» **What is needed**: Repeat the lines below exactly as written, please, from the line with "Topographical anatomy of" to the line with "tessuto jacquard italiano", both lines included, and no others.

» **Records shown**:
▼
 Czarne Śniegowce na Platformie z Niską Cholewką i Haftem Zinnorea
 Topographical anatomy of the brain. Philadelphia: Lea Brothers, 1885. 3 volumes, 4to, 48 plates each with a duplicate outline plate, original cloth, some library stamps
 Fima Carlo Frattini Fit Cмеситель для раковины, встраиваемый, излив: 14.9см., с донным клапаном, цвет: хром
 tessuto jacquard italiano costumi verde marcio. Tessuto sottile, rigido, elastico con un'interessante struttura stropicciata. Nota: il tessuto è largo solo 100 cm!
▲
▼
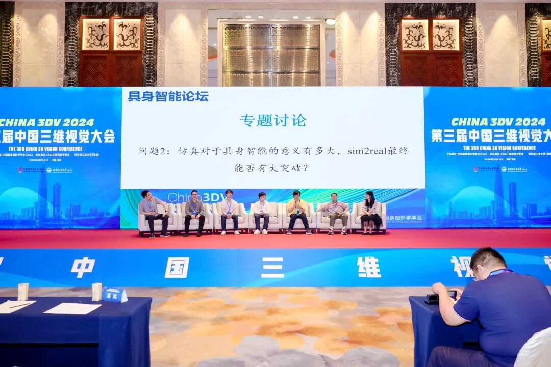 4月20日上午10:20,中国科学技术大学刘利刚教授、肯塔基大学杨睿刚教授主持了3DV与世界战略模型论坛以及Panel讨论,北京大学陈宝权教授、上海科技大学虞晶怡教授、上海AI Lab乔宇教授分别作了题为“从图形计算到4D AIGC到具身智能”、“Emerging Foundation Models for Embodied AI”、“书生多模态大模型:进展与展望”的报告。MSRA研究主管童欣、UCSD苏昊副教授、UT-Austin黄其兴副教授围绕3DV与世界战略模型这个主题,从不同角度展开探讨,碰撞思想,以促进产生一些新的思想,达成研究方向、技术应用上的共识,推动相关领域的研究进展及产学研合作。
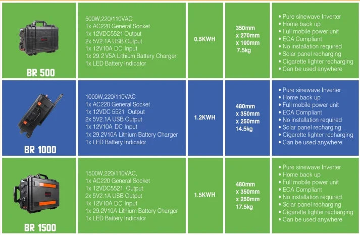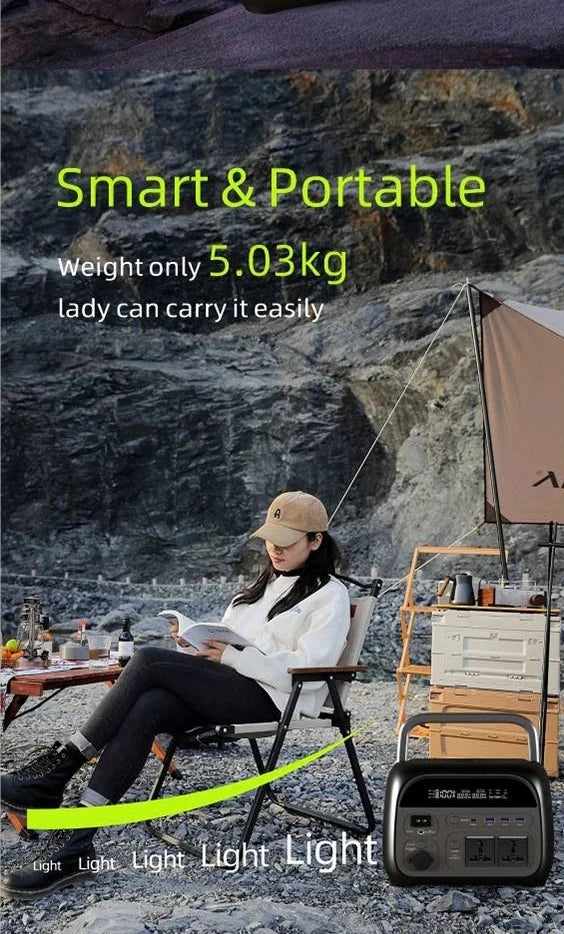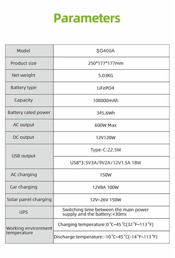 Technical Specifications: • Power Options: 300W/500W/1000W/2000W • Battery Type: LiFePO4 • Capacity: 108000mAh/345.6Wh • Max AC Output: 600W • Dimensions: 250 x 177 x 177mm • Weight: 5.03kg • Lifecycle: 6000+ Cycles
▲
» **Task solution**:
 Topographical anatomy of the brain. Philadelphia: Lea Brothers, 1885. 3 volumes, 4to, 48 plates each with a duplicate outline plate, original cloth, some library stamps
 Fima Carlo Frattini Fit Cмеситель для раковины, встраиваемый, излив: 14.9см., с донным клапаном, цвет: хром
 tessuto jacquard italiano costumi verde marcio. Tessuto sottile, rigido, elastico con un'interessante struttura stropicciata. Nota: il tessuto è largo solo 100 cm!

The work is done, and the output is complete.